Question: dump sequences of hetmers
Hi,
Thanks for developing smudgeplot, I've found it to be very useful. I would like to do a deeper analysis of the results, which requires the sequences of each A/B hetmer (or a representative subsample) that smudgeplot finds. Is there an option or switch that will dump this output? Apologies if it has already been asked, I searched the issues but could not find anything.
Jared
Hi Jared,
thanks for kind words, really appreciated.
This is a feature we are working on with @thegenemyers.
If you have a smaller dataset you would like to try it with and not wait for the newer version, we had this implemented in some older versions (v0.2.5 was the last one). Although there was also a bit of a bug in the search - we did not search both canonical and non-canonical representations of each k-mers which means that the set of k-mer pairs is not really guaranteed to be complete complete, or always represent unique k-mer pairs (empirically we know that it is relatively sensible proxy though).

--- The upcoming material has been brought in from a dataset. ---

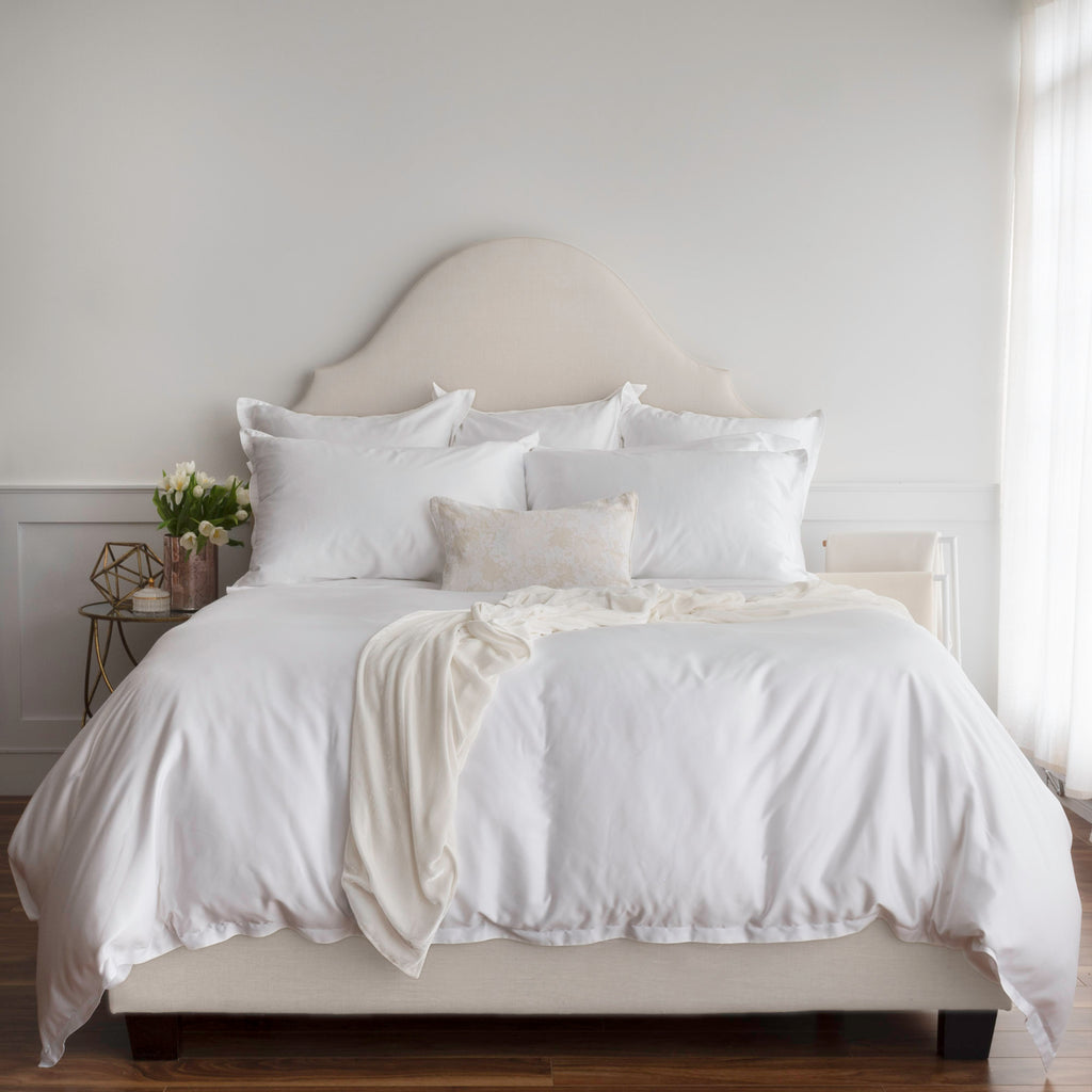 Micromodal is known for its velvety texture, often compared to the feel of silk but without the high maintenance. Enza's pick is exceptionally soft, a solid white sateen made of 100% MicroModal, the simple sophistication of sustainable fibre.

Thanks for the fast reply. The genome I am working on is quite large, but I may try v0.2.5 anyway. Please do let me know when this is re-implemented and I will try the new version too.
Jared
Hi @jts, we do have a working prototype ... I mean kind working prototype (the interface is not pretty, but it generates lists of k-mers from individuals smudges). Is that still of an interest to you? If so, I will try to write up some documentation.